An employer was found liable for the post-traumatic stress disorder suffered by one of its employees as a consequence of an armed robbery. The Court of Appeal (NSW) found that the employer had failed to take reasonable steps to deter armed robberies following similar earlier incidents.
Facts of the case
The employee was employed by the employer as a bar stewardess in its bowling clubhouse. She worked shifts of 4 ½ to 5 hours from 3 in the afternoon to early evening.

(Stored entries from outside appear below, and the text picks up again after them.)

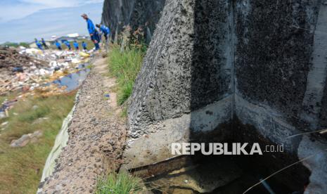 Air laut yang bocor menggenang di antara tanggul laut Muara Baru, Jakarta Utara, Jumat (5/12/2025). Pemprov DKI Jakarta melalui BPBD DKI Jakarta mengimbau masyarakat di wilayah pesisir Jakarta Utara untuk waspada terhadap potensi banjir rob yang diprediksi berlangsung dari tanggal 4-6 Desember 2025 sekitar pukul 09.00 WIB. (FOTO : Republika/Thoudy Badai)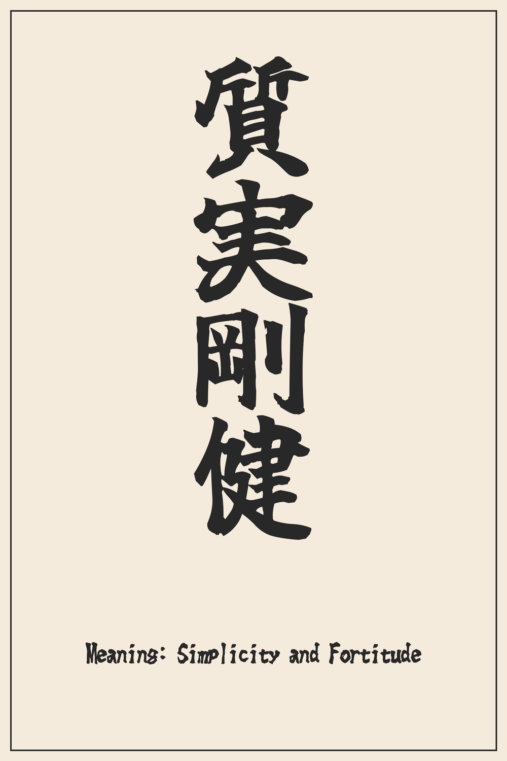 Embrace the essence of authenticity and resilience with this powerful kanji. It symbolizes a life grounded in simplicity, where true strength and unwavering spirit shine through. Perfect for those who value inner fortitude and the beauty of a straightforward path.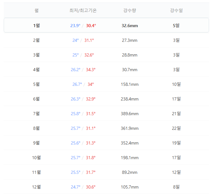 | 대만 가오슝 시차 날씨 정보 (1월~12월) (1) | 2025.01.18 |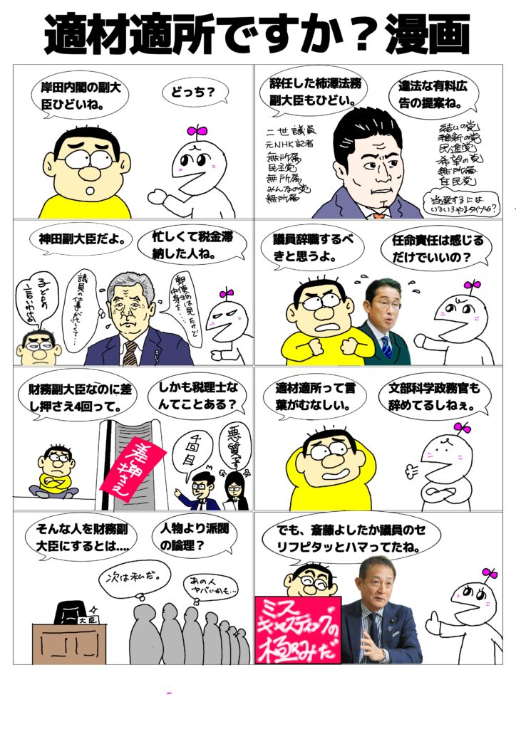 2023年11月10日 / 最終更新日時 : 2023年11月10日 管理人 未分類 適材適所ですか?漫画 内閣改造のたびに続く,閣僚などの辞任。適材適所とは何だと言いたい気持ちを漫画にしました。 Bluesky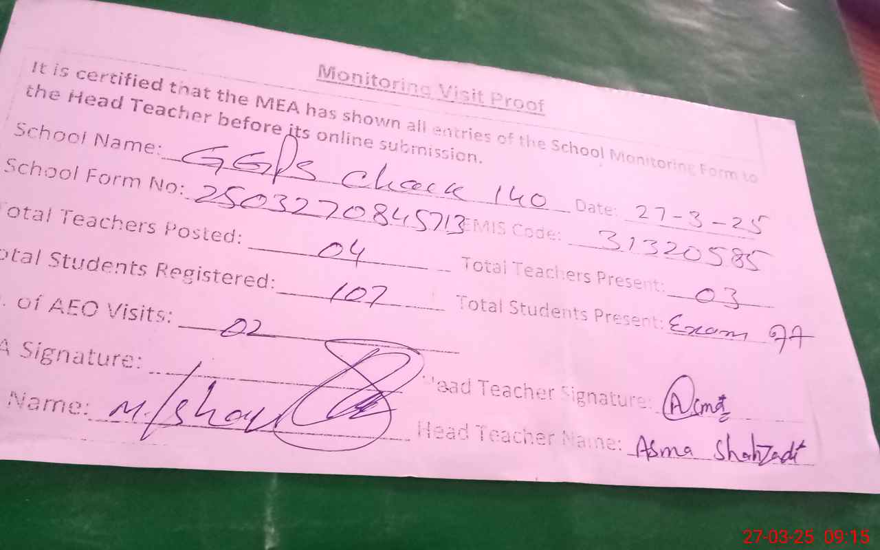 | EMIS Code: 31320585 | Name of School: GGPS CHAK NO.140/A | |||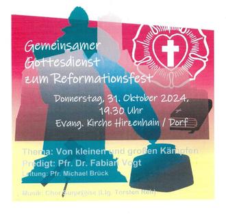 | 19.30 Uhr | gemeinsamer Gottesdienst zum Reformationsfest mit Fabian Vogt in Hirzenhain (siehe unten) |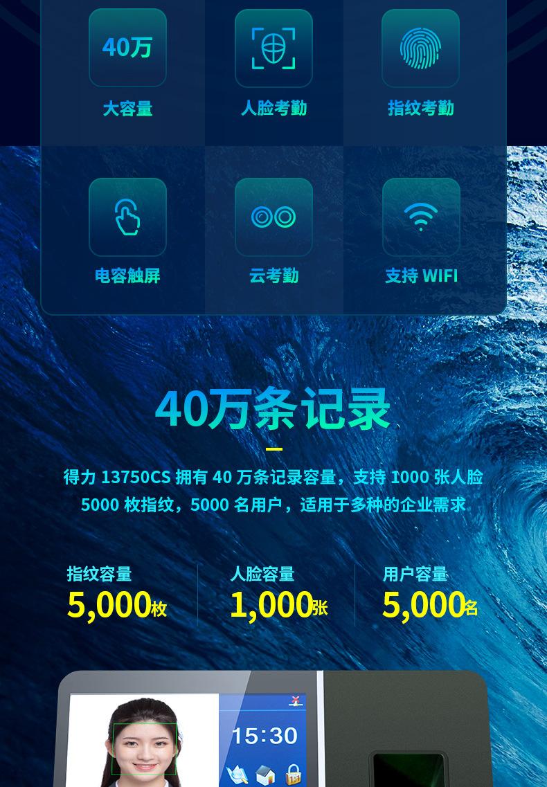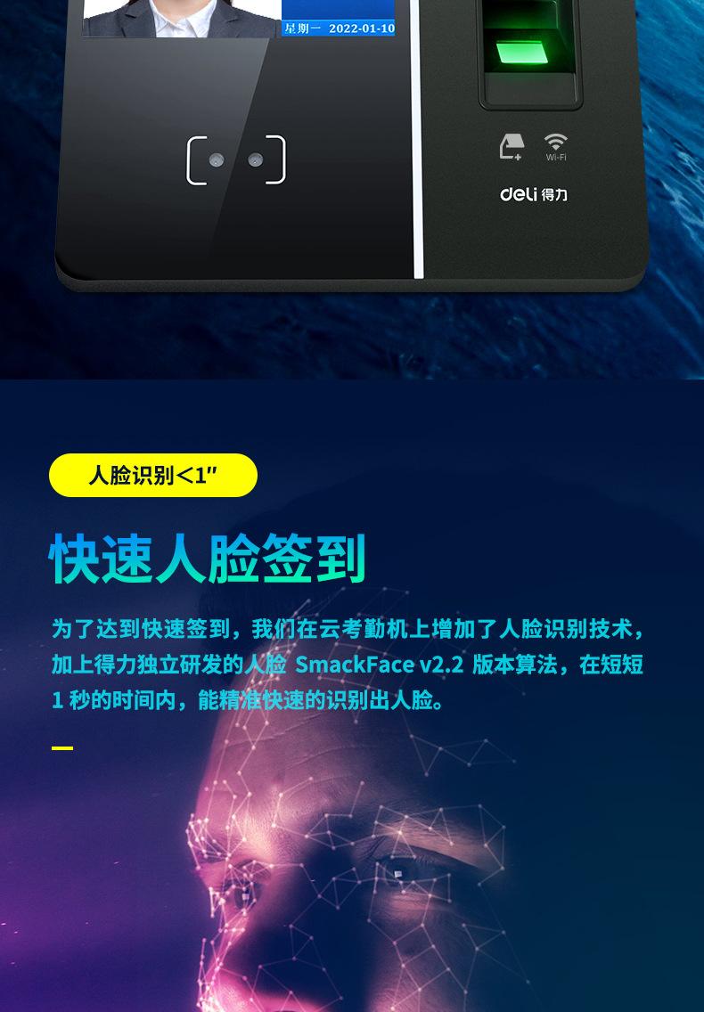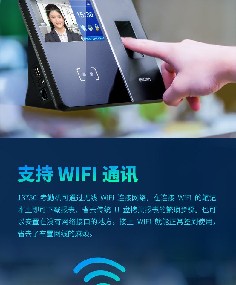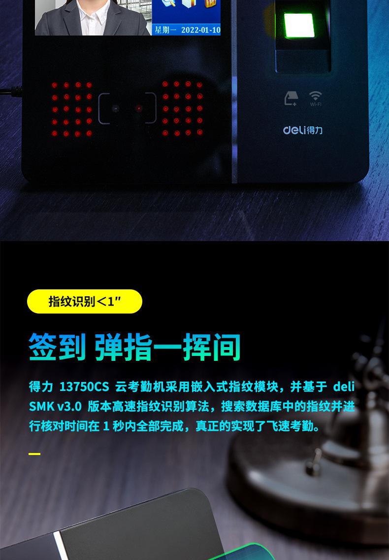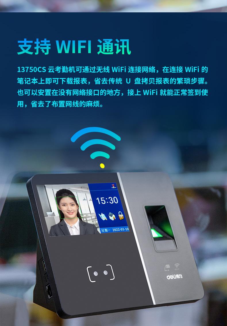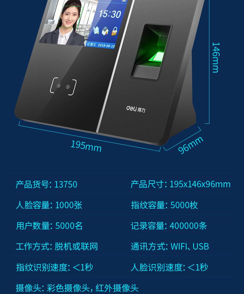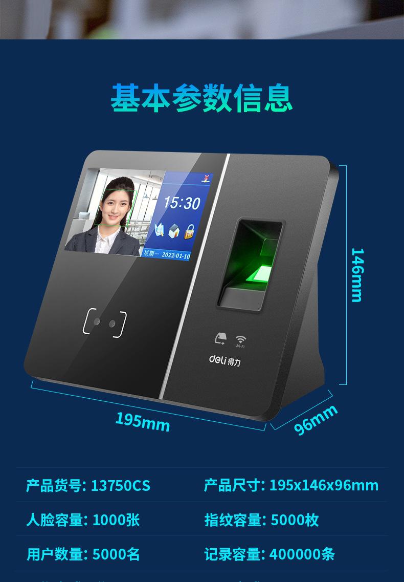 Máquina de asistencia en la nube Deli 13750CS, máquina de asistencia con reconocimiento facial, red remota inalámbrica WIFI, máquina de registro facial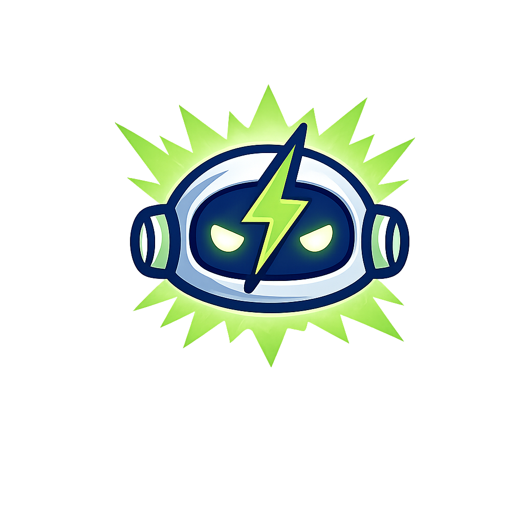 A stylized robot head featuring glowing green accents and a lightning bolt. The design is modern and playful, ideal for technology or gaming themes.

Two armed men robbed the clubhouse while she was on duty. She suffered post-traumatic stress disorder and had not worked since the robbery. The employee sued the employer in the District Court for breach of its duty of care as an employer. Her case was based on the employer's failure to take reasonable care to deter or prevent armed robberies at the clubhouse, particularly after an armed robbery only 19 days earlier. (There had been two earlier robberies at the clubhouse). The trial Judge awarded her $350,152.
The employer conceded that it owed a duty of care and that an armed robbery was reasonably foreseeable, but challenged the findings of breach of duty and causation.

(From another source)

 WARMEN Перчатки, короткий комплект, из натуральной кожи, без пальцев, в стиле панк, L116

The employer argued that even if there was an implicit finding of causation the trial Judge had failed to give adequate reasons and there should be a new trial. It also submitted that there was no evidence that anything the club could have done would have prevented the third robbery.
The court held that after the second robbery the club's duty to its employees was to take reasonable steps to protect them from being injured as a result of a further robbery.

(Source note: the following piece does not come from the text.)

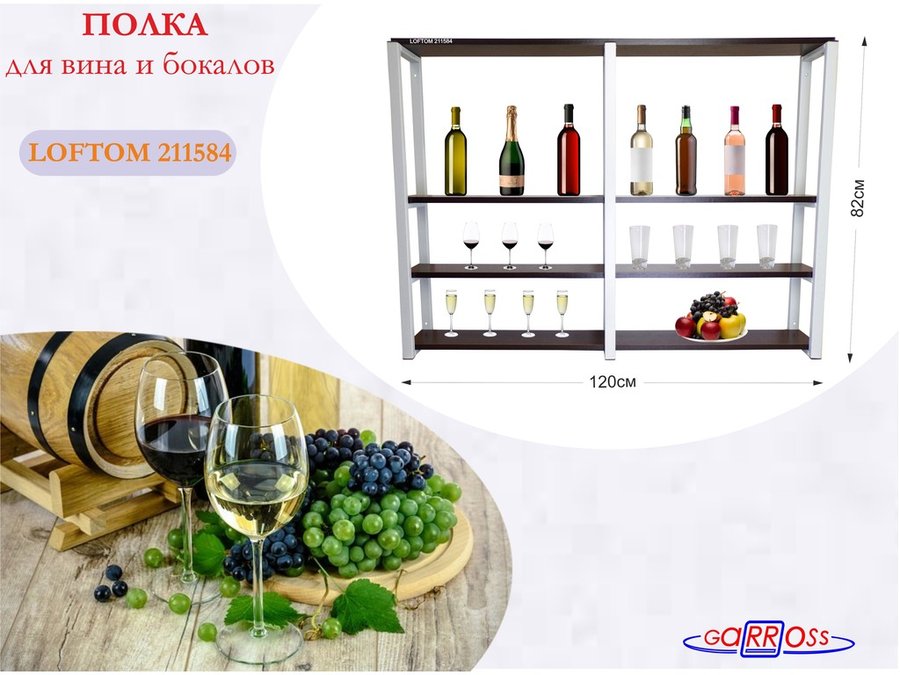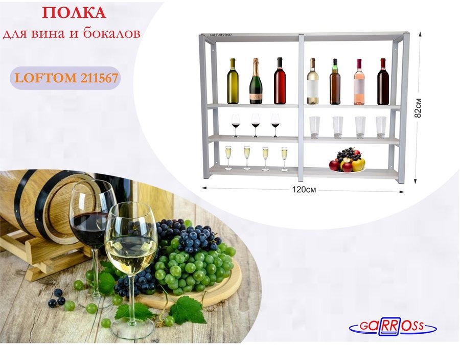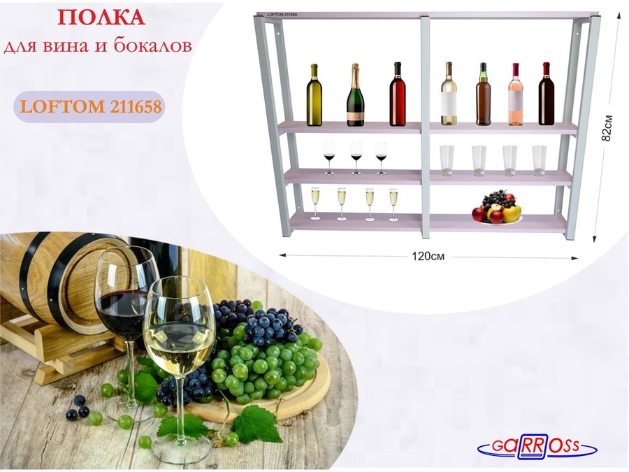 Полка для вина и бокалов, высота 82см, 4 уровня, размер полки 10х120см, серая "LOFTOM 211659"салатов
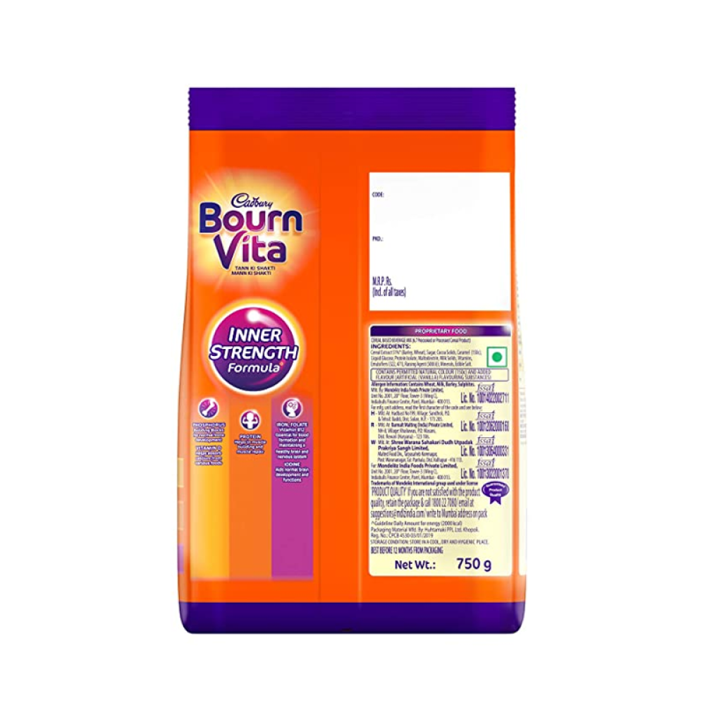 Malt-based health drink bourn Vita is a chocolate flavored powder, Its ingredients are: Malt Extract (44%), Sugar, Cocoa Solids, Milk Solids, Liquid Glucose, Emulsifiers (322, 471), Raising agent (500(ii)), Vitamins (D, B2, B9, B12), Minerals, Salt, Permitted natural color (150 c), Added flavors (Artificial Flavoring Substances).

There was no certainty that the employment of security guards would have prevented this robbery but the evidence established that security guards should have been employed to deter potential robbers and in particular those who had carried out the second robbery.
As nothing was done to upgrade security the club was in breach of that duty and the Judge's implicit finding on causation was open on the evidence.
On the night of the third robbery the club had been kept open until 9 pm when only three patrons were still present and the robbers waited until then. It is a reasonable inference that the robbery would not have occurred if the clubhouse had been closed at 7.30 or 8 pm when more patrons were present.
After the third robbery the club acted promptly by engaging security guards and closing the clubhouse earlier in the evening. These measures proved successful and the persons who had carried out the second and third robberies did not return and there was no further robbery for over two years. It was a reasonable inference that more probably than not these additional security measures would have been effective if they had been implemented after the second robbery.
There was no need to order a new trial for lack of reasons where no question of credibility arose and the evidence enabled the Court of Appeal to make the necessary findings.
The employer's appeal as dismissed with costs.
See: Whisprun Pty Ltd v Sams & Ors  NSWCA 400, Court of Appeal (NSW) (Handley, Sheller and Hodgson JJA) 12/12/02.